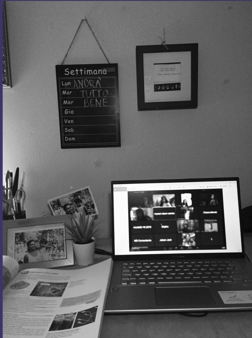
REBECCA RAMIREZ - DESERTE STRADE, CASE ILLUMINATE 6
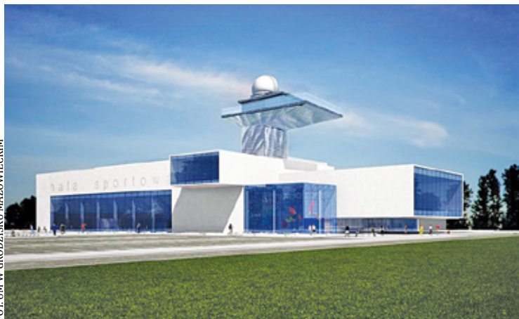
Wizualizacja nowej hali sportowej w Grodzisku Mazowieckim

Polse powstają nowe kluby MMA, w Grodzisku także.
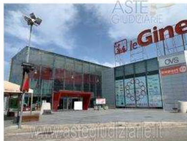
Foto 2 - Vista di un edificio appartenente al complesso immobiliare denominato "CENTRO COMMERCIALE LE GINESTRE" in viale Michelangelo - Volla (NA) Riproduzione o riproduzione a scopo commerciale - Aut. Min. Giustizia P.O. 21/07/03

Luogo Campania, Volla https://www.annunci.it/x-281676-z
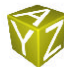
10 DÉS JAUNES
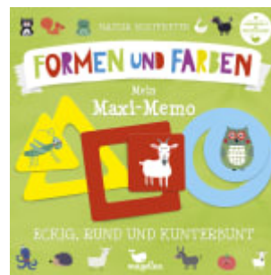
Eckig, rund und kunterbunt - Mein Maxi-Memo - Formen und Farben
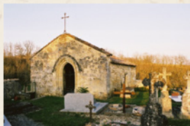
Chapelle Saint Nicolas
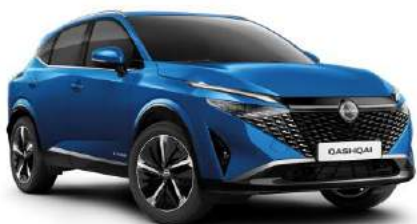
Niebieski - RCF Bez dopłaty
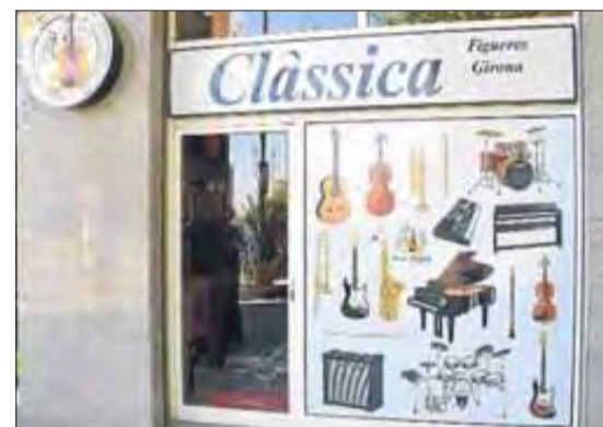
Grup Vivaldi ofereix un ampli assortit de productes musicals. EMPORDÀ
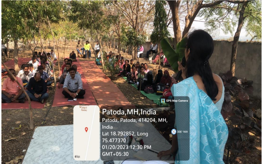
विद्यार्थ्यांना मार्गदर्शन करताना व आपल्या कवितांचा बहारदार कार्यक्रम सदर करताना
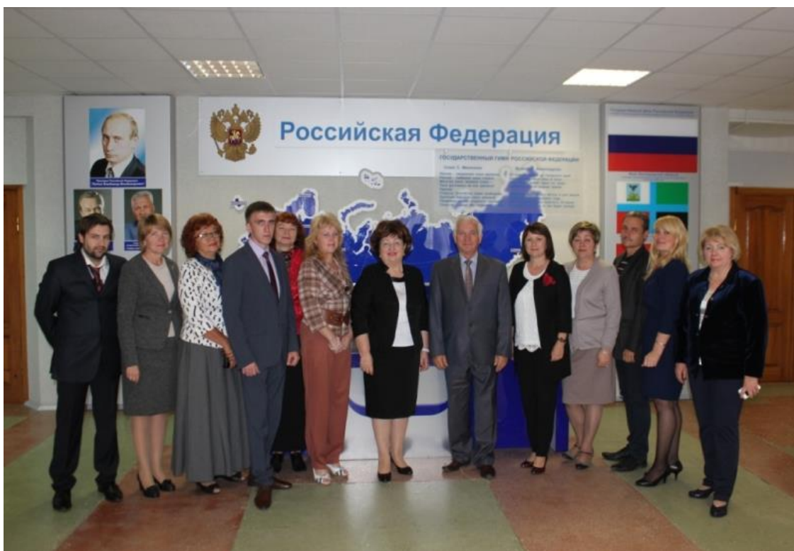
Научная школа «Профессионально-педагогическая культура»
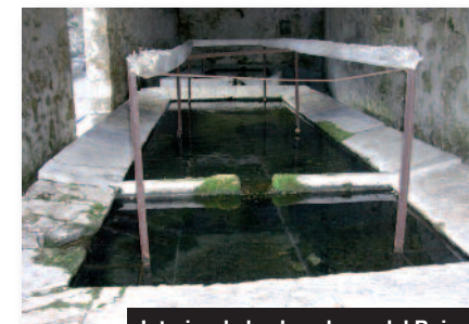
Interior de los lavaderos del Boixar
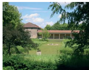
Fig. 6 : Le théâtre de verdure, cl. I. Levêque.
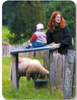
Zahlreiche Veranstaltungen: Archivgut ist Kulturgut

im Juli unter dem Motto „Von Knochenrüttlern und Drahteseln“. Alles drehte sich ums Fahrrad – vom klassischen Rad bis zum aufgemotzten Bike der Hamburger Fahrrad-tuning-Experten von ElbCoast Psycles. Der Kräutermarkt, der Kürbis- und der Apfeltag luden zwischen Juni und Oktober ein, die Vielfalt regionaler Produkte zu erleben. Der Ökologiehof setzt seinen Schwerpunkt im Bereich Ernährung und Landwirtschaft. Das in integrativer Behindertenarbeit angebaute Bioland-Gemüse wurde auch 2005 erfolgreich über eine Abo-Kiste und im Direktverkauf vertrieben.
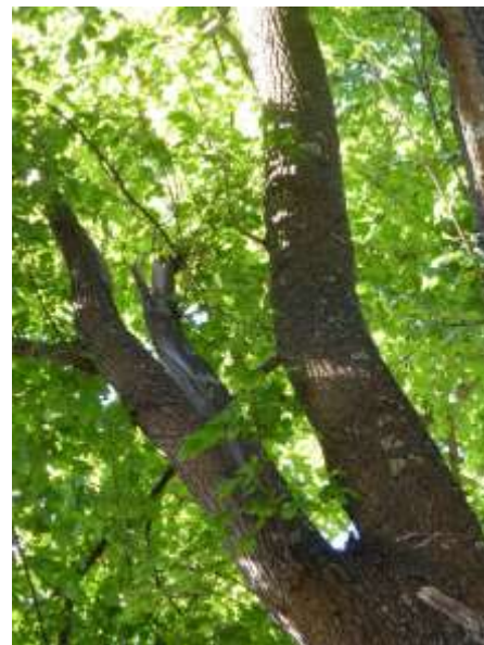
Exemplarischer Baum, dicht belaubt, mit Riss.
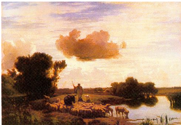
Fig. 3 : Károly LOTZ (1833-1904), Crépuscule (1870) huile sur toile - coll. Galerie Nationale, Budapest

Et même Laszlo Paál (1846-1879), célèbre paysagiste hongrois proche de l'école de Barbizon, a débuté par une peinture plus romantique de l'Alföld, en témoignent ses Bergeries de 1872 : là encore, le tableau illustre des archétypes du paysage hongrois, avec la large part de ciel, les troupeaux à l'horizon et la steppe désolée, dans laquelle seule deux bergeries isolées viennent ponctuer un sentiment de monotonie et de solitude tout à fait dans l'esprit romantique (Figure 4).
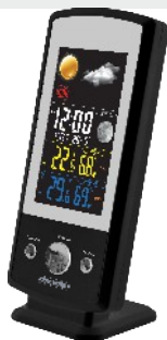
Weather Station MS 1177
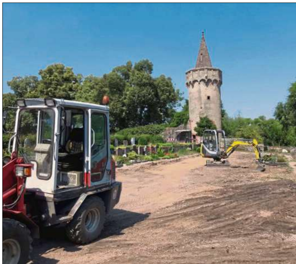
54 Reihengräber auf dem alten Friedhof in Seligenstadt wurden in den vergangenen Wochen entfernt. Diese wurden 1989 bis 1993 für eine Nutzungszeit von jeweils 25 Jahren angelegt. Im Gegensatz zu den Wahlgräbern ist eine Verlängerung der Nutzungsdauer bei den Reihengräbern nicht vorgesehen. Auch in Froschhausen entfernte man fünf Reihengräber. zfk/Foto: Stadt/privat

Festgottesdienst mit Prozession. Im Anschluss werden zum Frühschoppen mit dem Musikverein Mittagsmenüs serviert. Parallel gibt es ab 13 Uhr auch Kaffee und Kuchen. Das Nachmittagsprogramm bietet Unterhaltung für Kinder mit Spielmöglichkeiten und Bilderbuchkino der Gemeindebücherei. Um 19 Uhr startet die Verlosung der Tombola-Gewinne.
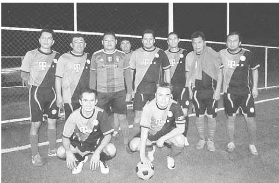
► Unistmo sin unidades.

→ **WHAT THE TASK ASKS**: The answer should contain only the lines from the start of the records above through the line with "Grup Vivaldi ofereix", copied exactly, and no pictures.

→ **COMPLETED EXERCISE**:
REBECCA RAMIREZ - DESERTE STRADE, CASE ILLUMINATE 6
Wizualizacja nowej hali sportowej w Grodzisku Mazowieckim

Polse powstają nowe kluby MMA, w Grodzisku także.
Foto 2 - Vista di un edificio appartenente al complesso immobiliare denominato "CENTRO COMMERCIALE LE GINESTRE" in viale Michelangelo - Volla (NA) Riproduzione o riproduzione a scopo commerciale - Aut. Min. Giustizia P.O. 21/07/03

Luogo Campania, Volla https://www.annunci.it/x-281676-z
10 DÉS JAUNES
Eckig, rund und kunterbunt - Mein Maxi-Memo - Formen und Farben
Chapelle Saint Nicolas
Niebieski - RCF Bez dopłaty
Grup Vivaldi ofereix un ampli assortit de productes musicals. EMPORDÀ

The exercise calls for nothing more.